* [Task details] Print nothing but the lines from the start of the listing below through the line that contains "Gerecycled Stalen Gouden". Do not include the pictures.

* [Extracted information]
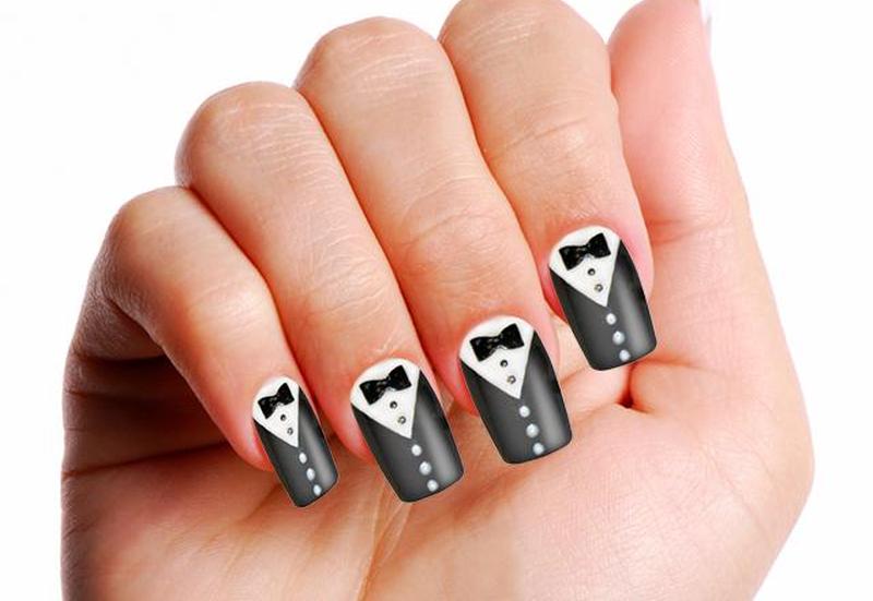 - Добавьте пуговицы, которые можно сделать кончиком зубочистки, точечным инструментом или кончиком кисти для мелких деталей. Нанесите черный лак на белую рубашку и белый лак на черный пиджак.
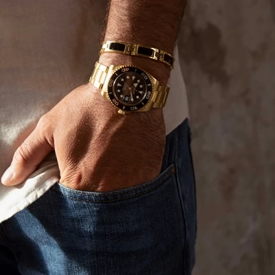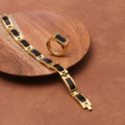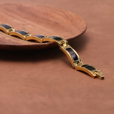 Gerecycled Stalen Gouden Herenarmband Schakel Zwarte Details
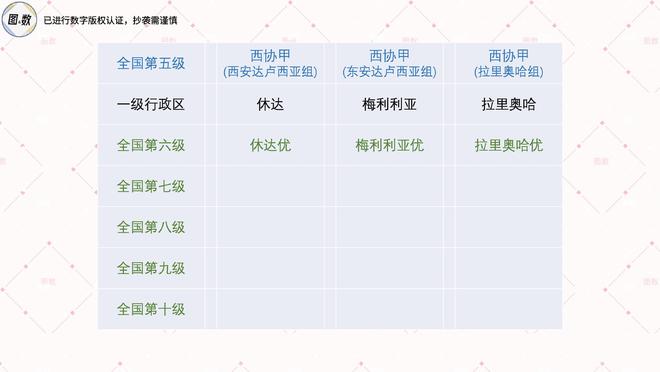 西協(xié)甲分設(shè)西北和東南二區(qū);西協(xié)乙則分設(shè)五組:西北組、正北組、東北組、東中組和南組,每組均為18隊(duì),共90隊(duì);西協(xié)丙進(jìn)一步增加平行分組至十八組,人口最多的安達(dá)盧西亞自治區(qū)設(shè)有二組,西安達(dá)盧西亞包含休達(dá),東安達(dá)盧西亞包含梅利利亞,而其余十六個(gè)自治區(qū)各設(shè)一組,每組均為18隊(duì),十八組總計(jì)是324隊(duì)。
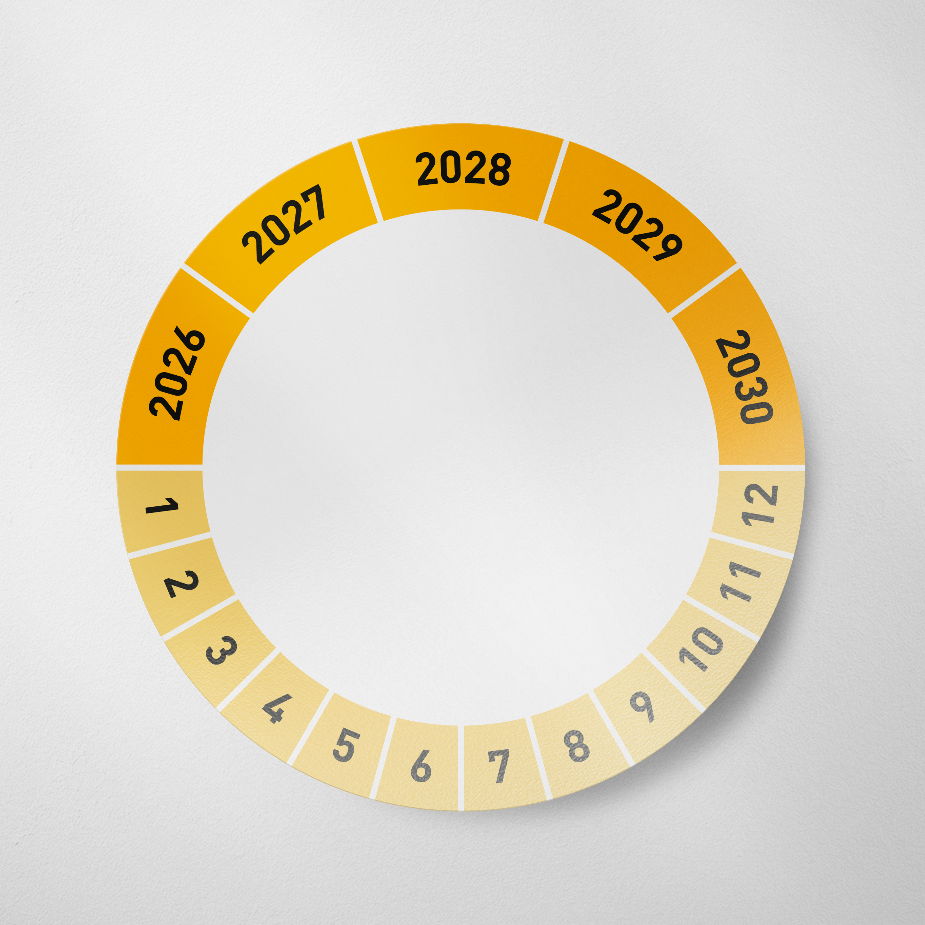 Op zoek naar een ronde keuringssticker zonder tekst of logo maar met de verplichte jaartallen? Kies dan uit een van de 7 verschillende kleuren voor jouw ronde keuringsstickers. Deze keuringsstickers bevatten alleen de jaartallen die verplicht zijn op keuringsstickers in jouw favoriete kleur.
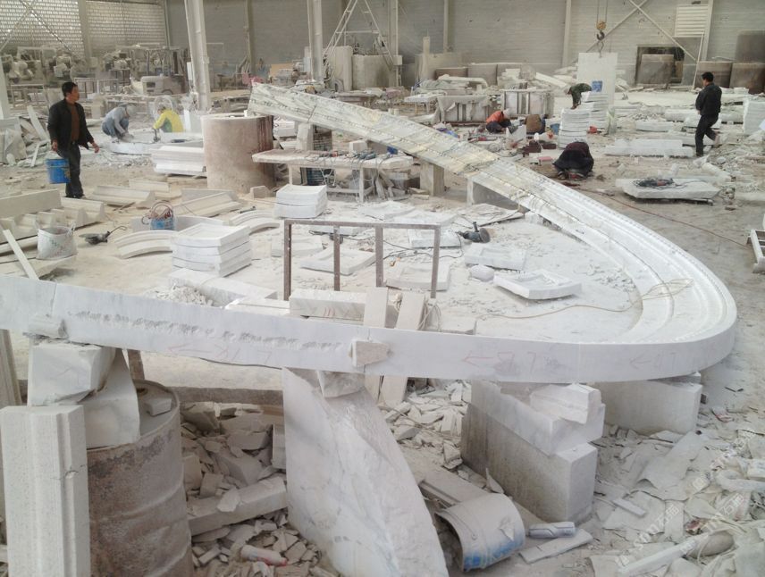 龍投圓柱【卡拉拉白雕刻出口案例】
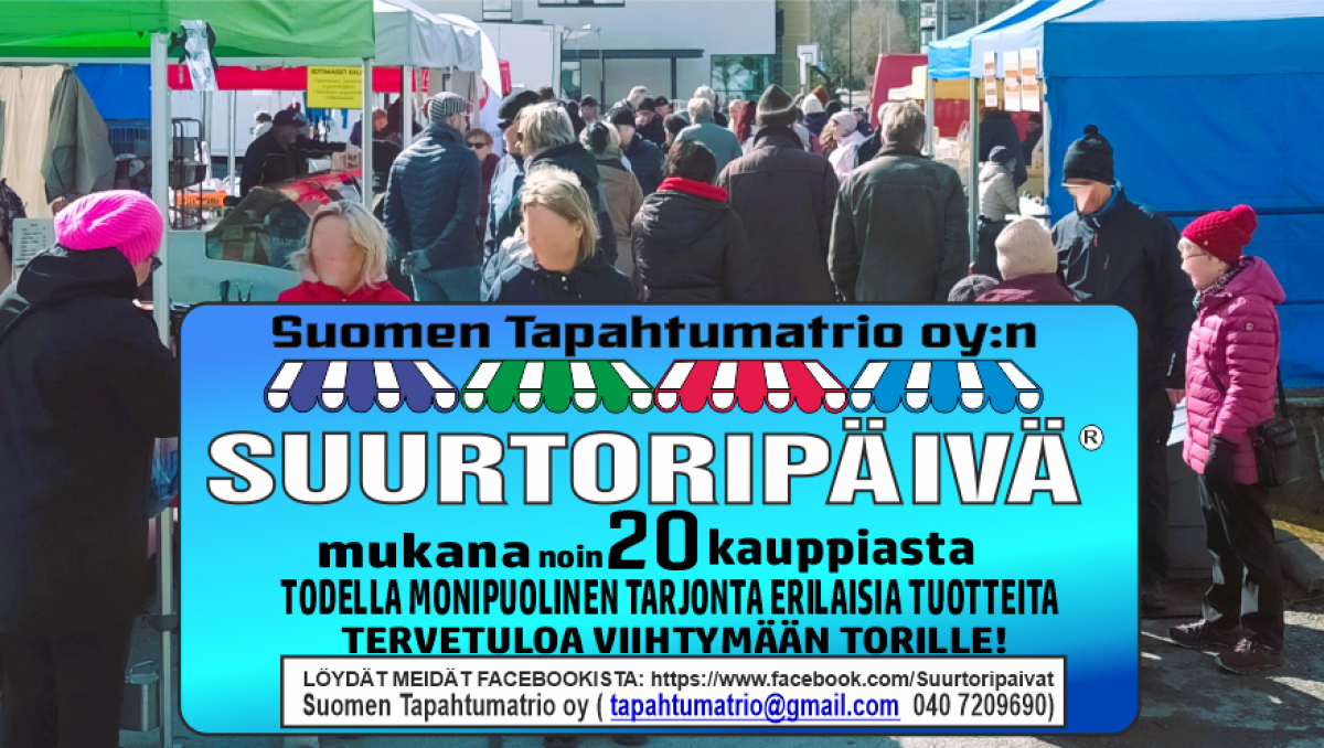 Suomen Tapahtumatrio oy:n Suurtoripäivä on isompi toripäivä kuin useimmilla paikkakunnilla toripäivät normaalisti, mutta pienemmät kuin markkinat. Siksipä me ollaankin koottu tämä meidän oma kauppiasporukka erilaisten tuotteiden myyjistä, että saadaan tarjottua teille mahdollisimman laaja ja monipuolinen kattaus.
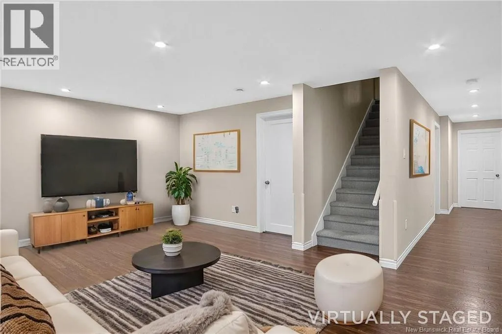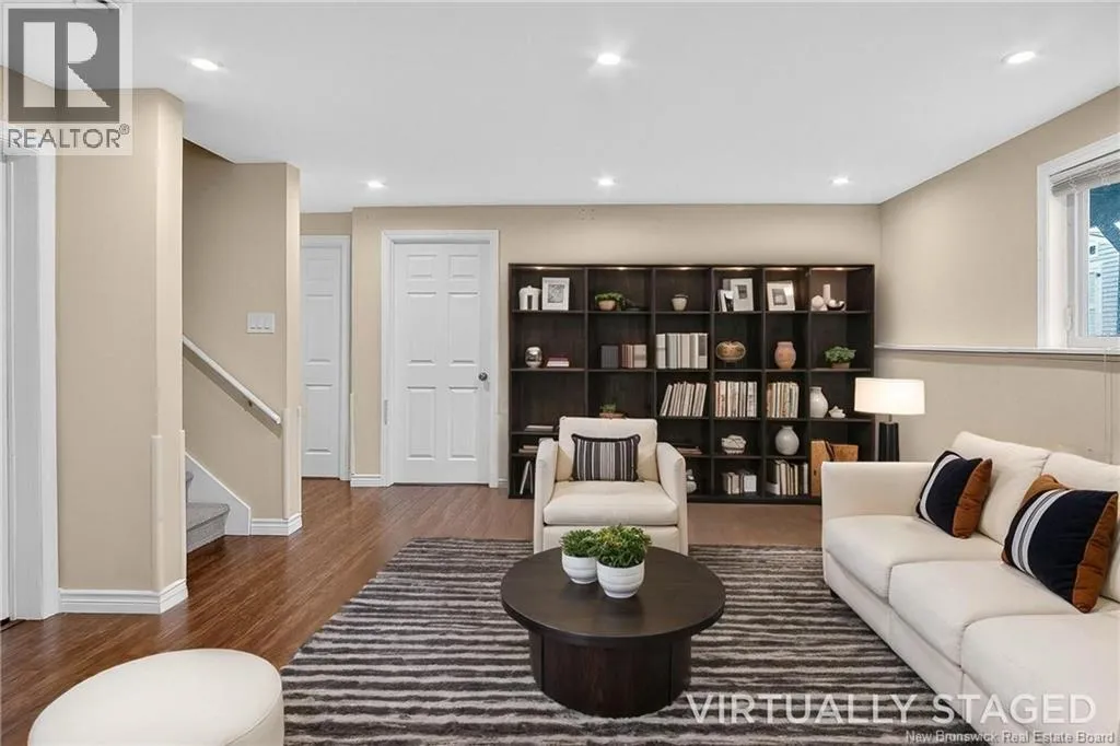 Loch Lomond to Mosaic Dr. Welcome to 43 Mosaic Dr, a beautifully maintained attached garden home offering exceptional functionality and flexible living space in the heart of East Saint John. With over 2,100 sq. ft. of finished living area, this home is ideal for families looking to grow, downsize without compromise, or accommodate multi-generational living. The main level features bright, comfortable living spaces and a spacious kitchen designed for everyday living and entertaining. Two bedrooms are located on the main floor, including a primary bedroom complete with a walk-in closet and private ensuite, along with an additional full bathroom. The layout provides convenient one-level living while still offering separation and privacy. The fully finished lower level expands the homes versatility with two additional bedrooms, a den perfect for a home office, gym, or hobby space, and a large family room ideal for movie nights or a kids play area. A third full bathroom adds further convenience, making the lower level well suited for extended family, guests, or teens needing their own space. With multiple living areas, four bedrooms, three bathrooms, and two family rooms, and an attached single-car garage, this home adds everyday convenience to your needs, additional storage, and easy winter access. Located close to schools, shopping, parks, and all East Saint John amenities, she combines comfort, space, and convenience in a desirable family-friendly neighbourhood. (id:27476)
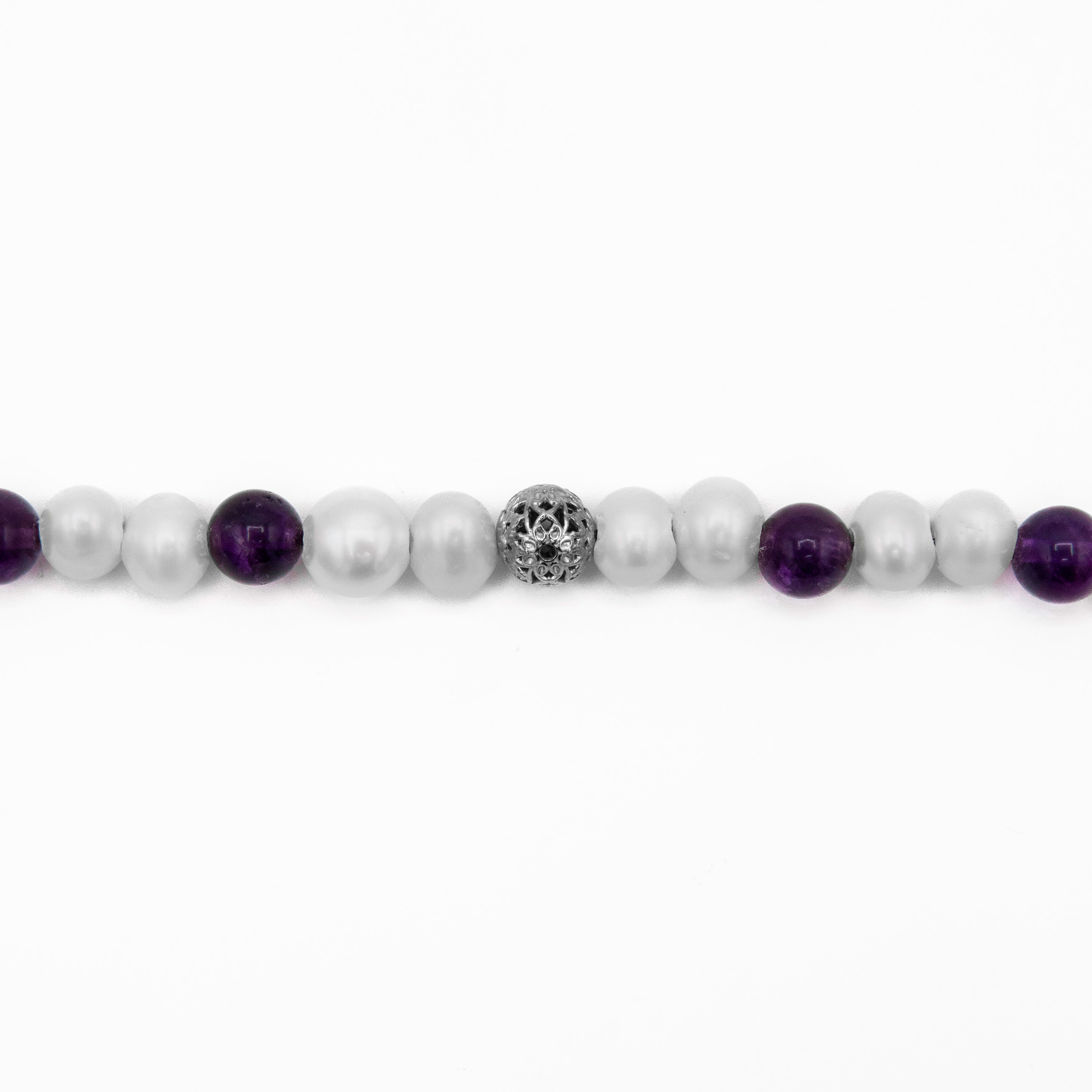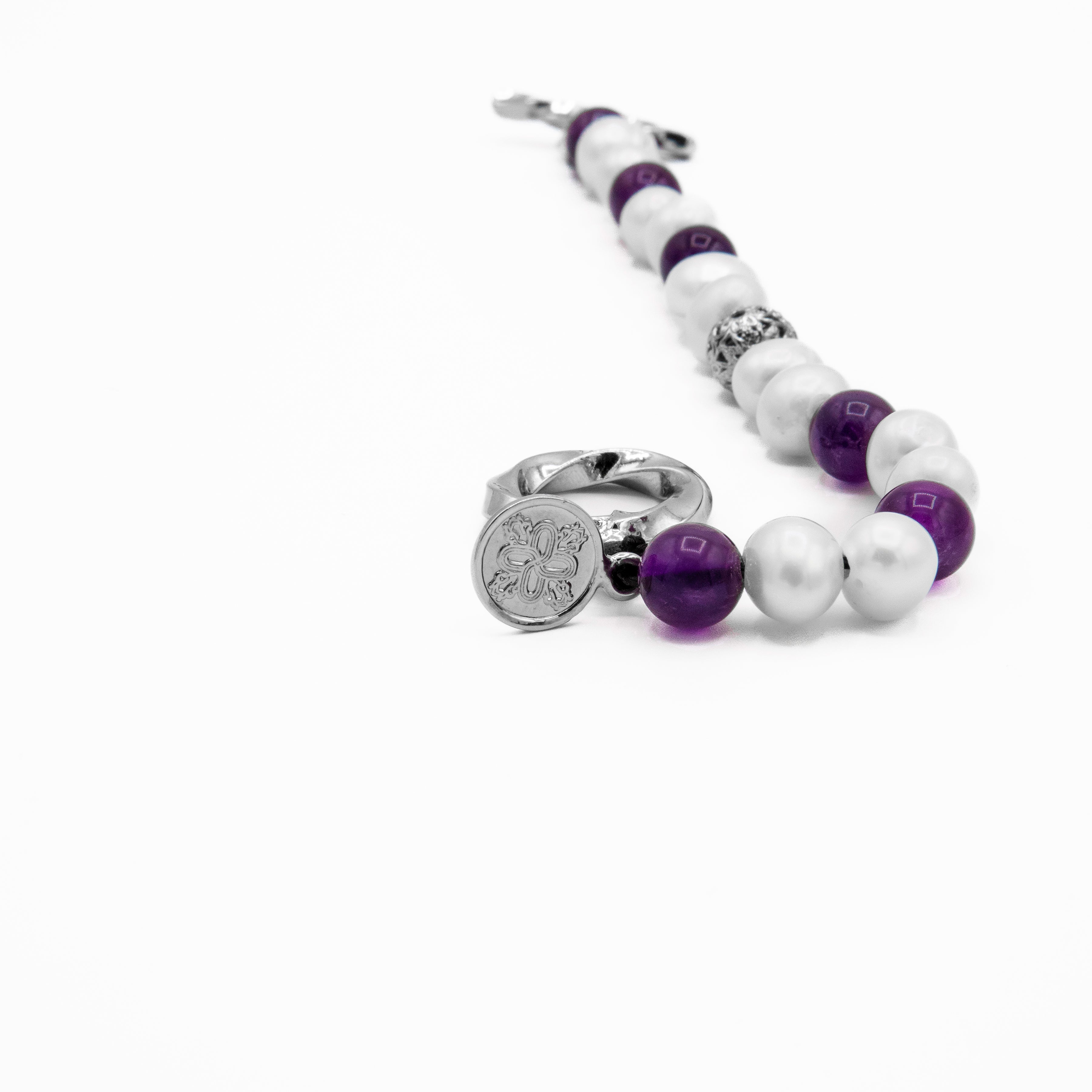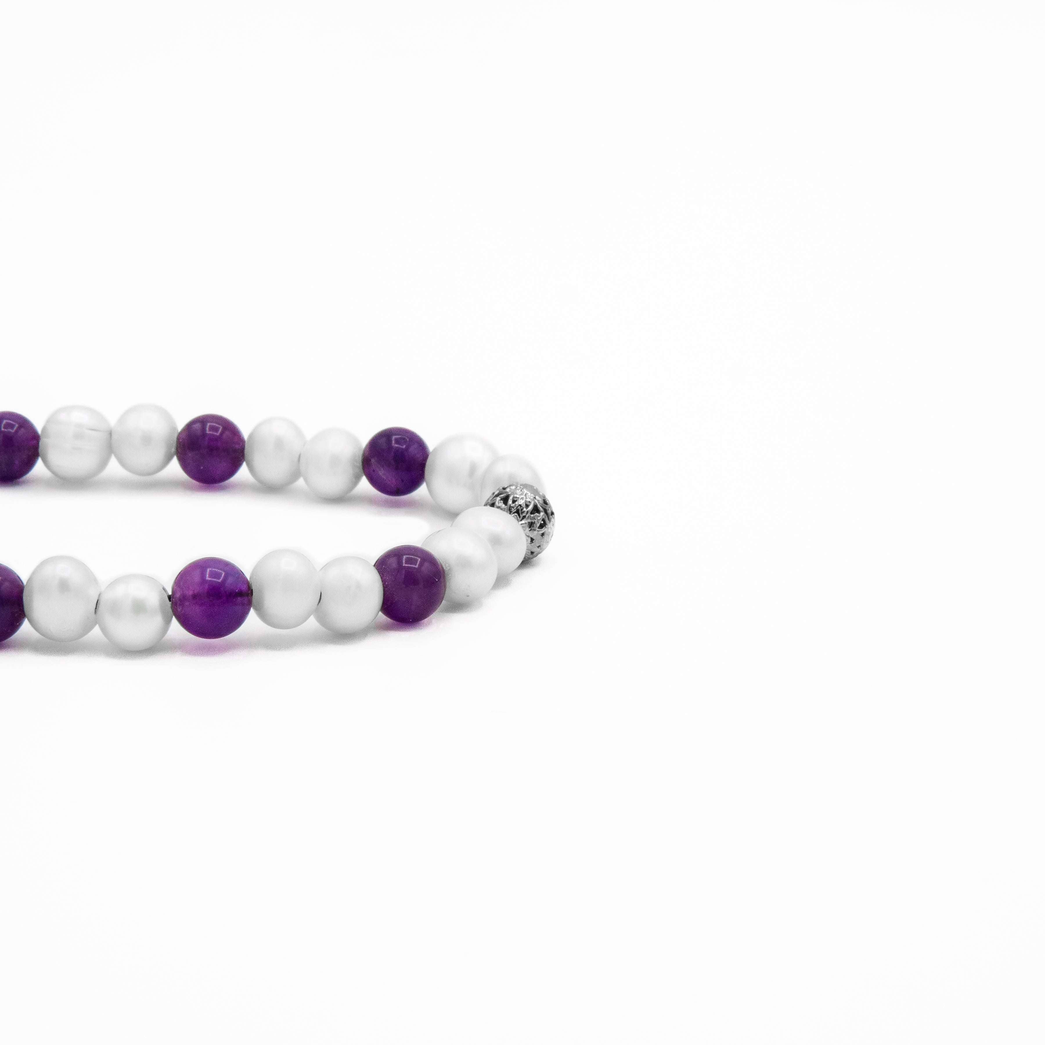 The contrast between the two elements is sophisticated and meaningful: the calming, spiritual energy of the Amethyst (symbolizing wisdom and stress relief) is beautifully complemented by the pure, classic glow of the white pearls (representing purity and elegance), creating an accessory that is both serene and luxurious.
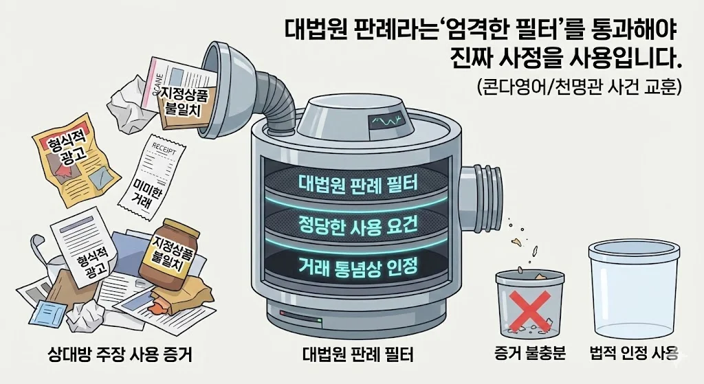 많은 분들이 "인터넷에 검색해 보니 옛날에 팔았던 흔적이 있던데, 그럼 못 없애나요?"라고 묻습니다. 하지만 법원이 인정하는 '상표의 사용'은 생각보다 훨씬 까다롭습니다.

* [Reply to the task]
 - Добавьте пуговицы, которые можно сделать кончиком зубочистки, точечным инструментом или кончиком кисти для мелких деталей. Нанесите черный лак на белую рубашку и белый лак на черный пиджак.
 Gerecycled Stalen Gouden Herenarmband Schakel Zwarte Details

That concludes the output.